Kudamatsu (下松市, Kudamatsu-shi) is a city in Yamaguchi Prefecture, Japan. As of 31 May 2023, the city had an estimated population of 56,892 in 26829 households and a population density of 640 persons per km². The total area of the city is 89.35 sqkm.

== Geography ==
Kudamatsu is sandwiched between the cities of Shunan and Hikari, with which it has strong ties in terms of industry, economy, and population exchange; the three cities are informally called the "Shunan District". The city includes the islands of Kasado and Furushima offshore. In the south, facing the Seto Inland Sea, is the main industrial area and port.The northern area is increasingly a suburban residential area.

=== Neighbouring municipalities ===
Yamaguchi Prefecture
- Hikari
- Shūnan

===Climate===
Kudamatsu has a humid subtropical climate (Köppen climate classification Cfa) with hot summers and cool winters. Precipitation is significant throughout the year, but is much higher in summer than in winter. The average annual temperature in Kudamatsu is 15.6 C. The average annual rainfall is 1850.1 mm with July as the wettest month. The temperatures are highest on average in August, at around 27.0 C, and lowest in January, at around 4.9 C. The highest temperature ever recorded in Kudamatsu was 37.5 C on 6 August 2026; the coldest temperature ever recorded was -8.6 C on 27 February 1981.

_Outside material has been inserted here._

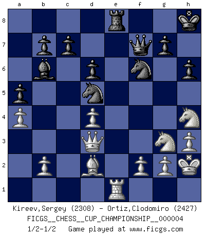 Last move : 1/2-1/2 2021 October 13 13:14:18 [Event "FICGS__CHESS__CUP_CHAMPIONSHIP__000004"] [Site "FICGS"] [Date "2021.09.20"] [Round "1"] [White "Kireev,Sergey"] [Black "Ortiz,Clodomiro"] [Result "1/2-1/2"] [WhiteElo "2308"] [BlackElo "2427"] 1.e4 e5 2.Nf3 Nc6 3.Bb5 Nf6 4.d3 Bc5 5.Ba4 d6 6.O-O O-O 7.c3 h6 8.h3 Bb6 9.Nbd2 Be6 10.Re1 Nd7 11.Nf1 f5 12.exf5 Bxf5 13.Ng3 Bh7 14.Be3 Kh8 15.d4 exd4 16.cxd4 Nb4 17.a3 Nd5 18.Bc2 Qf6 19.Bxh7 Kxh7 20.Bd2 Qf7 21.Qb1+ Kh8 22.Qd3 a5 23.a4 Rae8 24.Kh2 N7f6 25.Nh4 Rxe1 26.Rxe1 Re8 1/2-1/2 Ruy Lopez : Berlin defense Kingside Castling by player White (move 6) Kingside Castling by player Black (move 6) This chess game ended in a draw. Follow this game move after move (download)Bobby Fischer is the greatest Chess genius of all time ! (Alexander Kotov) Charakterschwächen offenbaren sich normalerweise während einer Schachpartie. (Garry Kasparov) La vida es como el Ajedrez, con lucha, competición y eventos buenos y malos. (Benjamin Franklin) Les Echecs représentent une sphère d'idées créatrices basée sur la volonté des deux protagonistes. (Smyslov) The ego is not master in its own house. (Sigmund Freud)

Climate data for Kudamatsu (1991−2020 normals, extremes 1977−present)
| Month | Jan | Feb | Mar | Apr | May | Jun | Jul | Aug | Sep | Oct | Nov | Dec | Year |
| Record high °C (°F) | 17.9 (64.2) | 21.3 (70.3) | 24.4 (75.9) | 27.4 (81.3) | 30.9 (87.6) | 33.2 (91.8) | 36.6 (97.9) | 37.5 (99.5) | 35.9 (96.6) | 31.5 (88.7) | 28.0 (82.4) | 21.9 (71.4) | 37.5 (99.5) |
| Mean daily maximum °C (°F) | 9.4 (48.9) | 10.4 (50.7) | 13.9 (57.0) | 19.2 (66.6) | 23.6 (74.5) | 26.3 (79.3) | 30.2 (86.4) | 31.8 (89.2) | 28.3 (82.9) | 23.2 (73.8) | 17.5 (63.5) | 11.8 (53.2) | 20.5 (68.8) |
| Daily mean °C (°F) | 4.9 (40.8) | 5.5 (41.9) | 8.7 (47.7) | 13.7 (56.7) | 18.3 (64.9) | 21.8 (71.2) | 25.8 (78.4) | 27.0 (80.6) | 23.5 (74.3) | 18.0 (64.4) | 12.4 (54.3) | 7.1 (44.8) | 15.6 (60.0) |
| Mean daily minimum °C (°F) | 0.6 (33.1) | 0.9 (33.6) | 3.7 (38.7) | 8.5 (47.3) | 13.4 (56.1) | 18.2 (64.8) | 22.5 (72.5) | 23.4 (74.1) | 19.6 (67.3) | 13.6 (56.5) | 7.8 (46.0) | 2.7 (36.9) | 11.2 (52.2) |
| Record low °C (°F) | −6.3 (20.7) | −8.6 (16.5) | −5.1 (22.8) | −1.4 (29.5) | 4.7 (40.5) | 8.5 (47.3) | 15.9 (60.6) | 15.9 (60.6) | 7.4 (45.3) | 1.9 (35.4) | −1.4 (29.5) | −5.2 (22.6) | −8.6 (16.5) |
| Average precipitation mm (inches) | 54.3 (2.14) | 85.2 (3.35) | 148.5 (5.85) | 183.7 (7.23) | 215.6 (8.49) | 277.7 (10.93) | 324.7 (12.78) | 153.8 (6.06) | 169.2 (6.66) | 100.6 (3.96) | 77.7 (3.06) | 59.3 (2.33) | 1,850.1 (72.84) |
| Average precipitation days (≥ 1.0 mm) | 6.5 | 7.9 | 10.0 | 9.9 | 9.7 | 12.0 | 10.8 | 8.4 | 9.0 | 6.4 | 6.9 | 7.0 | 104.5 |
| Mean monthly sunshine hours | 148.9 | 150.8 | 183.8 | 199.4 | 217.7 | 156.4 | 181.3 | 222.0 | 173.6 | 184.0 | 163.2 | 154.2 | 2,135.5 |
Source: Japan Meteorological Agency

===Demographics===
Per Japanese census data, the population of Kudamatsu in 2020 is 55,887 people. Kudamatsu has been conducting censuses since 1920.

==History==
The area of Kudamatsu was part of an ancient Suō Province.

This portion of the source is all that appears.